Staff: Ashley Pedersen (786-7303).
Background:
According to the U. S. Environmental Protection Agency, exposure to lead is highly
dangerous, especially to children ages 6 and younger. Young children are more likely to
ingest lead dust, and as such, are at higher risk for lead poisoning. In addition, children are
more likely to be affected by lead poisoning than adults due to their smaller and still
developing bodies. Lead poisoning in children can cause irreversible learning difficulties,
mental retardation, and delayed neurological and physical development.
Medicaid coverage is available only to people with a limited income and who meet certain
other requirements. These other requirements may be in regards to age, disability, income
and resources, and citizenship.
Medicaid's Early and Periodic Screening, Diagnostic, and Treatment (EPSDT) service is a
comprehensive and preventive child health program for individuals under the age of 21. The
EPSDT benefit, in accordance with Section 1905(r) of the Social Security Act, must include
periodic screening, vision, dental, and hearing services, as well as lead toxicity screening.
Centers for Medicare and Medicaid Services require that a blood lead test must be used when
screening Medicaid-eligible children.
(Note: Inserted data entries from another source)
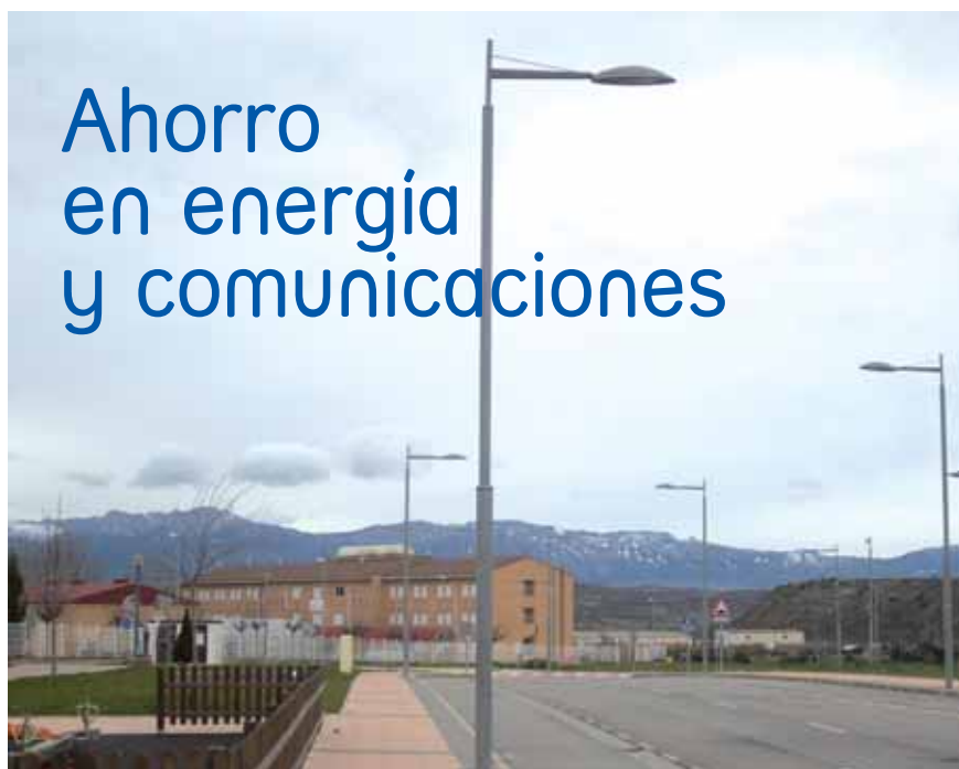
El consumo del alumbrado público se ha reducido de una forma sustancial.

Y otro ahorro importante lo estamos obteniendo en las comunicaciones. El gasto telefónico se ha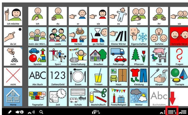
iPad mit Kommunikations-App „MetaTalk“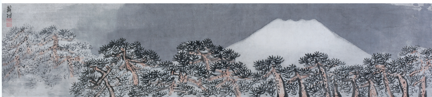
与謝蕪村《富嶽列松図》江戸時代中期（18世紀後半）紙本墨画淡彩 重要文化財

南画は中国の文人画の理念と南宗画の様式を中心としつつも、様々な明清の絵画様式の影響を採り入れて、江戸時代中期（18世紀）に成立しました。南画を大成した与謝蕪村や、個性を発揮した浦上玉堂などの作品は、館外の展覧会への出張が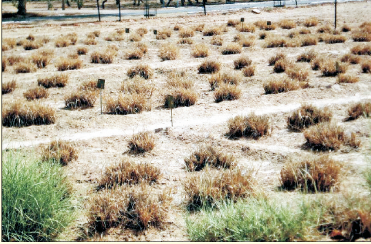
चित्र 15. सुषुप्तावस्था के समय सेवण के बूजे

हालाँकि उस समय वानस्पतिक वृद्धि कम होती है व पुष्पन ज्यादा होता है (चित्र 14)। भूमि में नमी कम होने पर राइजोम्स सुषुप्तावस्था में चले जाते हैं (चित्र 15)। उचित कटाई से सेवण का चरागाह दशकों तक आर्थिक पैदावार देता है।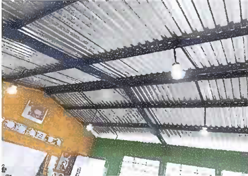
Foto 7: Módulo 1. Focos ahorradores, se observan cuatro focos instaladas en cada aula.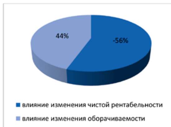
Рис. 2. Влияние факторов на изменение рентабельности активов САО «ВСК» в 2019–2021 гг., % [4]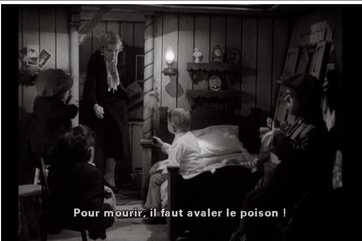
Pour mourir, il faut avaler le poison !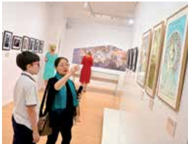
Výstava diel Alfonsa Muchu...

Piešťanské kúpele sa v roku 2023 stali prvým miestom mimo územia Českej republiky, ktoré sa pripojilo k projektu Muchova cesta. Tento rok predstavuje Nadácia Mucha svetoznámeho umelca ako geniálneho fotografa. Šesťdielna výstava približne 120 fotografických diel Alfonsa Muchu, ale aj ikonických plagátov, kresieb, štúdií, osobných predmetov, sôch a obrazov z rodinnej zbierky bude prístupná na piatich miestach v Českej republike a jednom na Slovensku, tým sú Piešťany. „Ako ukázala predchádzajúca séria výstav Nadčasový Mucha: Prepojenie sveta (2022) a Alfons Mucha: Kvetinové svety (2023), Mucha bol popredným predstaviteľom secesie,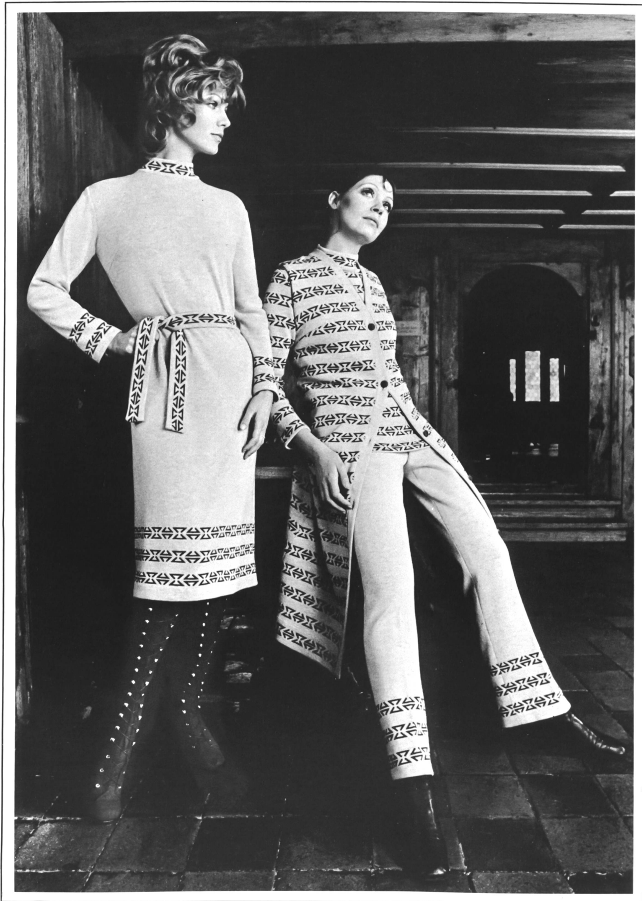
Hosenensemble mit Chasuble in exklusivem Dessin und sportlich elegantes Nachmittagskleid. Beide Artikel aus reiner Schurwolle • Ensemble à pantalon et chasuble, à dessin exclusif, et élégante robe sportive d'après-midi. Les deux articles en pure laine vierge • Trouser suit with chasuble in exclusive design and attractive casual afternoon dress. Both articles in pure virgin wool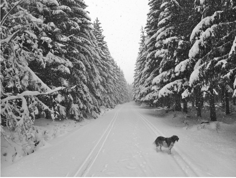
En forêt du Ché

plus souvent sur des skis qu'à pied au demeurant – il faut dire que j'ai des décennies de neige à rattraper, et vu mon âge et le réchauffement du climat, il s'agit de ne plus en perdre une miette ou un flocon ! Mon amie dit que je devrais aller habiter au Groenland ou au Spitzberg – il a commencé à neiger là-bas à la fin août ! Et pourquoi pas ? Mais pas maintenant, même si l'enneigement n'est plus ce qu'il était, je ne suis pas encore lassé des hivers cantaliens.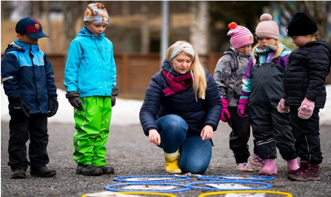
Lapset oppivat ulkona.

Erityiseen tukeen liittyvä hallintopäätöksen 32 laatimisen prosessi paikallisesta näkökulmasta on kuvattu luvussa 5; Tuki varhaiskasvatuksessa.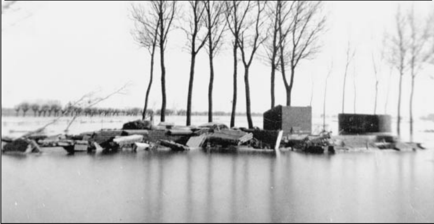
De Buitendijk behoorde tot één van de zwaarst getroffen gebieden

STRIJEN - 1 februari 1953. Als een dief in de nacht kondigt zich De Ramp aan. Een nacht vol ramspoed verandert ook het leven van dat toen 14-jarige meisje uit de Strijense polder. Met eigen ogen zag ze het complete Hollandsch Diep, zoals zij het destijds ervoer, op de boerderij van haar familie aan komen rollen. Angstig en naïef kruipt ze ondanks die onbekende dreiging haar bed in op de zolder. Het water had reeds bezit genomen van de benedenverdieping en het zolderluik klapperde reeds vervaarlijk.

Those children receive the lead toxicity screening at
12 months and 24 months of age. If they have not been previously screened for lead
poisoning, children between the ages of 36 months and 72 months of age must receive a
screening blood lead test. A blood lead test result equal to or greater than 10 ug/dl obtained
by capillary specimen (finger-stick) must be confirmed using a venous blood sample.
According to the March 2003 Lead Reporting Update by the Department of Health (DOH),
the number of children tested for blood lead levels is quite low in Washington. The DOH
estimates that only about 4 percent of Washington children ever receive a blood lead test.
The Department of Social and Health Services (DSHS) is not providing blood level testing
pursuant to EPSDT unless the health care provider or parent requests it.
Summary of Bill:
The DSHS must provide coverage for lead blood level assessments for any eligible children
under 21 years old. This must be done in accordance with Early and Periodic Screening,
Diagnostic, and Treatment services as defined in Section 1905 of Title XIX of the Federal
Social Security Act and its implementing regulations and guidelines.
Appropriation: None.
Fiscal Note: Requested on January 21, 2008.
Effective Date: The bill takes effect 90 days after adjournment of session in which bill is passed.
Staff Summary of Public Testimony:
(In support) The DSHS is not testing children's blood lead levels, even though it is required
to under Medicaid's EPSDT benefit, in accordance with Section 1905(r) of the Social
Security Act. Head Start programs are required to review the EPSDT lead testing results of
their Medicaid eligible-children tested pursuant to the EPSDT, but medical providers are not
obtaining the data.
It is important to test children's blood lead levels. Lead is present in the environment,
including water, paint, and toys. Children are more likely to ingest lead and are thus at higher
risk for lead poisoning. Children are more likely to be affected by lead poisoning than adults
due to their smaller and still developing bodies. Lead poisoning in children can cause
irreversible learning difficulties, and delayed physical development. All children are at risk;
it spans all income levels. Families are learning about the risk and are very concerned about
the threats. The new finger-prick technology is easy to use and affordable.
(Information only) The DSHS is not providing blood level testing pursuant to the EPSDT
unless the health care provider or parent requests it. The DSHS is currently following the
recommendations of the DOH, the U. S. Centers for Disease Control and Prevention, and the
American Academy of Pediatrics. There is a standardized form that the health care provider
must complete that forces him or her to consider whether to give the lead test. Even states
that do enforce the EPSDT requirements do not have 100 percent compliance. The incidence
of elevated lead blood level in Washington is low at about 1.2 to 1.3 percent.
(Opposed) None.
Persons Testifying: (In support) Representative Hudgins, prime sponsor; Janice Deguchi,
Denise Louie Education Center; and Jefferson Ketchel, Public Health Seattle and King
County.
(Information only) MaryAnne Lindeblad, Department of Social and Health Services.
HOUSE COMMITTEE ON APPROPRIATIONS
Majority Report: The substitute bill be substituted therefor and the substitute bill do pass. Signed by 20 members: Representatives Sommers, Chair; Dunshee, Vice Chair; Alexander, Ranking Minority Member; Cody, Conway, Darneille, Ericks, Fromhold, Green, Haigh, Hunt, Kagi, Kessler, Linville, McIntire, Morrell, Pettigrew, Schual-Berke, Seaquist and Sullivan.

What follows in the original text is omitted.